# Need advice on low tech planted tank



## Wantsome99 (Nov 27, 2016)

RO water seems like a bit overkill. Wouldn't it probably be best just to work with what you have coming out of the tap? From what I see of your tank is you need more plant mass. I have the same size tank with eco complete. I dose 1/8 teaspoon KNO3 and 1/32 tsp KH2PO4 once a week after a water change and Seachem Flourish for traces the day after. My plants are growing well. I'm on Detroit city tap water. PH is 7.8 and high phosphates. Stuff the tank with as many plants as you can. Add some floaters like duckweed or frogbit. Lightly dose some dry ferts once a week and you should be good to go.


----------



## OVT (Nov 29, 2011)

I think you have answered your own question: you are switching your RO percentages around too ofthen, imho

kH of 10 is not that horrible: plenty of plants and fish will do just fine. Chose RO or no RO, fix the percentage, and stick with it. Just let the whole tank get adjusted to some *consistent* environment.

Same goes for fertilizers: whatever you dose, shoot for N 10-20 ppm, P around 1 ppm. Test N, P, and kH and keep them consistently in the range.

Once the environment is not jumping around, once you have a starting point, you can start making small adjustments to improve whatever you think is not optimal for you / plants / fish.
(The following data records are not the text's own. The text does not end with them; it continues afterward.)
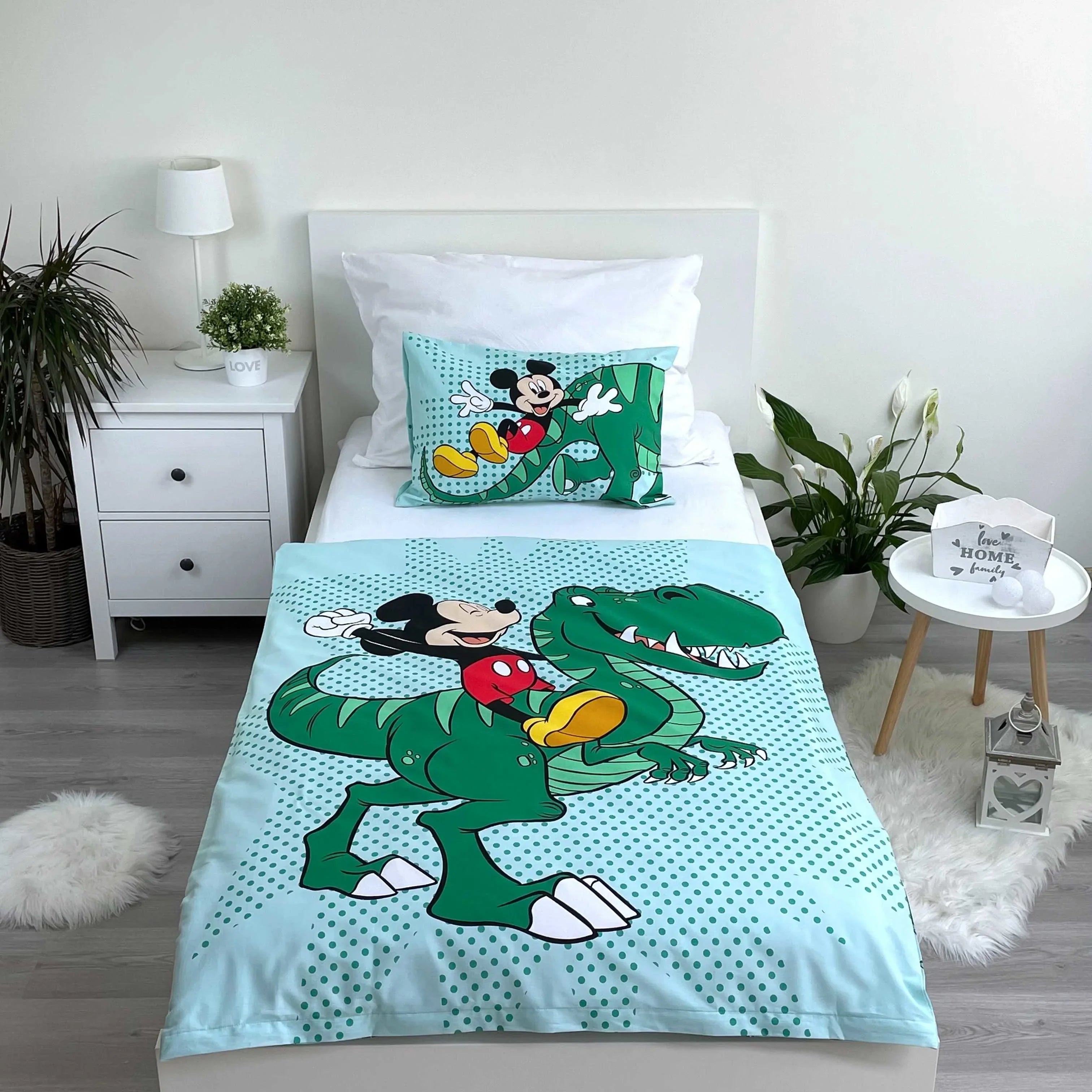 Micky Maus Dino Kinder-Bettwäsche 100 x 135 cm - weiche Baumwolle
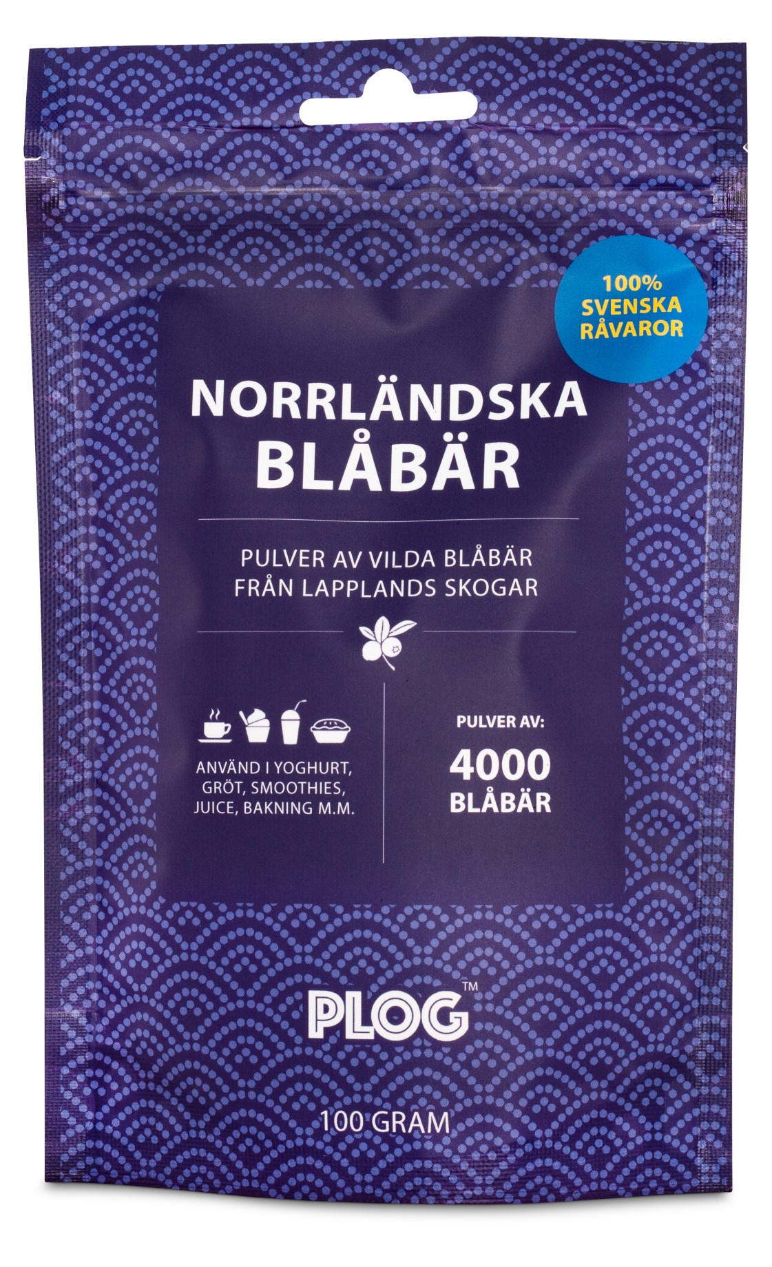 PLOG Norrländska Mustikka on ravitseva jauhe mustikoista. Mustikat ovat kasvaneet villinä Lapin metsissä ja ovat käsittelemättömiä ja hellävaraisesti kuivattuja. Marjat on kuivattu kokonaisina alle 42 asteen lämpötilassa kaikkien ravintoaineiden säilyttämiseksi. Mustikat ovat runsaita C-vitamiinin, kuitujen ja antioksidantti antosyaanin lähteitä. Marjoista jäljelle jääneestä nesteestä valmistetaan mustikkajuomaa. Ravitseva jauhe sopii täydellisesti käytettäväksi mehuissa, jogurtissa, smoothieissa tai leivonnassa.
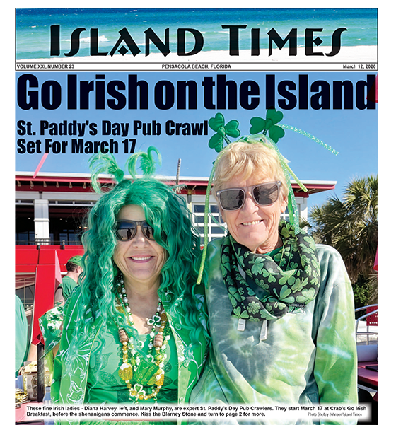 Home Archives Pensacola Beach Events Pensacola Beach Mardi Gras About Subscribe Here's The Latest Issue of Island Times Click to get Island Times via Email ———— What’s Up ———— Featured Mar 12, 2026 One Lane of Pensacola Beach Blvd. Northbound To Close Monday-Friday from March 23 - April 3 Mar 12, 2026 Starting March 23, the inside lane of Northbound Pensacola Beach Blvd will be closed. Mon-Fri, 7 a.m. to 5 p.m. Read More → Mar 12, 2026 Mar 12, 2026 Spring Break Safety Tips from Escambia County Mar 12, 2026 Headed to the Beach for Spring Break? Read more for safety, fun and beach rules. Read More → Mar 12, 2026 Mar 11, 2026 Go Irish on the Island at St. Paddy’s Day Pub Crawl Mar 11, 2026 It’s just a wee bit of leprechaun magic that courses through the veins of Island folks at the St. Paddy’s Day Pub Crawl, March 17. Read More → Mar 11, 2026 Mar 11, 2026 Books By the Bay Returns to Pensacola With Nationally Acclaimed Authors Mar 11, 2026 Books by the Bay returns to Bayview Park, March 28. Read more for details. Read More → Mar 11, 2026 ———— FACEBOOK ———— Island Times - Pensacola Beach's Newspaper
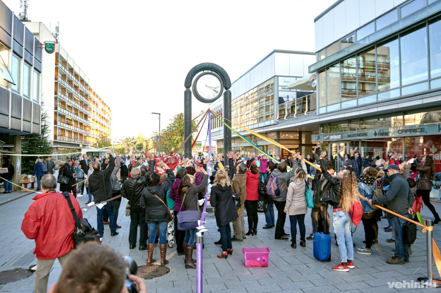 A 12 szalag a kezdeményezéshez csatlakozó 12 intézményt képviselte – többek között a Pannon Egyetemet, a Laczkó Dezső Múzeumot, a Művészetek Házát, a Veszprém Agórát, a Levéltárat, a megyei könyvtárat, a Tourinformot és az Algida Jégkrémgyárat –, a szervezők pedig a flashmobbal arra szerették volna felhívni a figyelmet, hogy már most elindult az összefogás és az együttműködés, a ténykedés, amiben szeretnék, ha a civilek, az utca emberei is részt vennének – tudtuk meg Kővári Edittől, a Pannon Egyetem Gazdaságtudományi Karának docensétől és EKF referenstől.
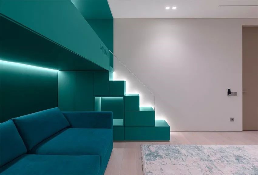 ——并選配同色系的沙發(fā)椅,創(chuàng)造空間中的視覺焦點,并打上間接照明點亮情境氛圍。
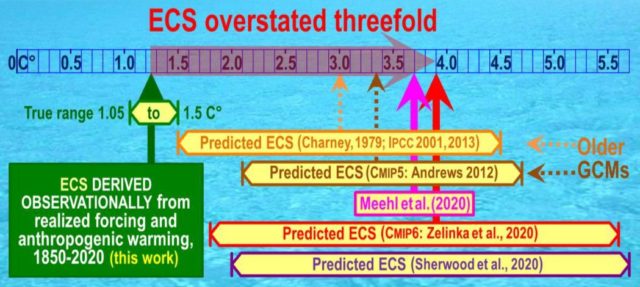 Widersprüchlicherweise hat der IPCC nicht auch seine langfristige globale Erwärmungsvorhersage reduziert, die trotz Milliardenausgaben für die Klimaforschung bei 1,5-4,5 °C pro CO2-Verdoppelung bleibt. Diese Vorhersage ist seit dem Charney-Bericht (1979) vor mehr als 40 Jahren unverändert geblieben. Sie war und ist übertrieben.

Some insight on your Valisneria and crypts not doing that well: they are plants that take a lot of their nutrients from the substrate (aka heavy root feeders). If you ever pulled a healthy one out, you would see how extensive their root system is. They also reproduce via (root) runners.

Looking at your picture, I see two things. 1. The substrate is innert (i.e. does not inherently contain any nutrients). 2. The substrate appears to be shalow. If that indeed is the case, I would shoot for around 2" of substrate depth, at least around your "root feeder" plants. You want the top of the roots / base of the leaves to be about even with the top of the substrate.

Another note on these plants is that they do better when planted closer together. I have no sientific evidence, but they remind me of Redwoods that use their roots as a "communal support" system.

On a totally separate note: I respect and admire parents that share a hobby with their kids. In that spirit, shoot me a PM if you want some free Java Fern that has been sitting in our laundry sink for months now, annoying my wife.


----------



## SeerKing (Jan 19, 2018)

Ok- so after reading everything you posted I think in my opinion your problem may lie in the lighting department. A lot of people go with the finnex lights because there the new Walmart of the planted lights department! Even I considered getting that light for my planted tanks. However I didn’t go that route because the other light I really wanted was just far superior in every way and for $50-70 bucks more depending on the model I would choose I could get the light I wanted so I waited and bought the fluval fresh and plant 2.0! It’s water proof and has a far superior quality full spectrum light and way brighter and more powerful than the finnex. The par rating on the finnex is (about) 60ish where as the par rating on the fluval fresh and plant 2.0 is 130-150ish! That’s a huge difference! And the way the lights are built they cover the whole entire surface area evenly and with the same potency of light va lights like finnex are a very narrow beam and the plants don’t get even direct good quality light! On my 40g breeder I got some plants from my local fish store and those plants are never established because there always being sold. So I get some plants that aren’t looking so well. But when I put them in my tank they always recover! 
I’m not telling you to fork over $150 for the fluval brand I’m just saying think about it. Finnex is inexpensive because there cheap! For everyday ppl there perfect! But if your running a planted show tank and your struggling I’d get waaaay better lighting for starters! You can buy a $2 cheap timer at your hardware store and out the fluval light on it and call it a day. Planted tanks need good quality light. If you have plant substrate and decent nutrients in the water the light it must! Here’s another thing to think about. Let’s even say the finnex light had the same exact quality full spectrum light as the fluval with the same calibration but the finnex had a par reading of 60 and ts fluval of 150 and you put it on a somewhat heavily planted tank let’s say on a 40g breeder. Your plants will respond way better to the fluval. It’s not always about it being (full spectrum light) that’s not hard to do. It’s about the par reading as well. Whether or not the full spectrum hits the ground at the same intensity it’s emitting. If the full spectrum can’t reach the plants and shine through the leaves or green it can photosynthesis well or properly! Light super charges plants. By piercing the leaves and stems! That why you can see the veins in leaves if you look under neathe it when the sun shines down on it. The sun is a prime example of proper lighting! It’s full spectrum light is so powerful it reached the bottom of the earth with the same intensity! So our imitation of the sun lights need to reach the bottom of the tank with the right intensity too! If that makes sense. 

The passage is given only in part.